Pelke hält die Gleichstellung beim Gleichstellungsbeauftragten für kontraproduktiv. Jedenfalls, solange Frauen im Alltag noch in großem Umfang Benachteiligungen erleiden. Die SPD-Frau ist mit ihrer Meinung nicht allein. Gleichstellungsfragen müssen aus dem Blickwinkel von Frauen behandelt werden, springt Andre Blechschmidt ihr im Namen der Linke-Fraktion bei. Das könnten Männer nun mal nicht leisten. Männliche Beauftragte seien also "nicht hilfreich", punktum. Die Grünen stoßen in das gleiche Horn. Gerade der Problembereich häusliche und sexuelle Gewalt sei von Männern "kaum zu vertreten", echot die Grüne Astrid Rothe-Beinlich die Stellungnahme des Landesfrauenrats und der Landesarbeitsgemeinschaft kommunaler Gleichstellungsbeauftragter. Grünen-Fraktionschefin Anja Siegesmund gibt sich zwiespältig. Es werde die Zeit kommen, dass auch Männer für diese Ämter geeignet sind, sagt sie. Aber noch sei es nicht so weit.
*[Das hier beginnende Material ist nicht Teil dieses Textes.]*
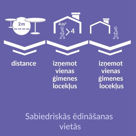 Sabiedriskās ēdināšanas pakalpojuma sniedzējam sabiedriskās ēdināšanas vietā papildu būs jānodrošina, ka tiek ievērota divu metru distance starp galdiņiem, ja starp tiem nav izveidota norobežojoša siena.

Die FDP ist schon lange so weit. Es war eigentlich ihre Idee, nicht allein Frauen für die Ämterbesetzung zuzulassen. "Sonst hätten wir den umgekehrten Fall von Diskriminierung", freut sich der Ostthüringer Liberale Dirk Bergner, dass die Koalition die Sache aufgriff. Sein Parteikollege Thomas Kemmerich hatte im Gleichstellungsausschuss aufmerksam verfolgt, was die Nutzer des Online-Diskussionsforums dazu sagten. Große Zustimmung. Die Linke findet den digitalen Kontakt zum Wähler zwar auch "phantastisch", bleibt aber bei ihrer Meinung. Frauenverbände in ganz Deutschland, prophezeit die Abgeordnete Karola Stange, werden entsetzt sein, was Thüringen da für ein Gesetz beschließt.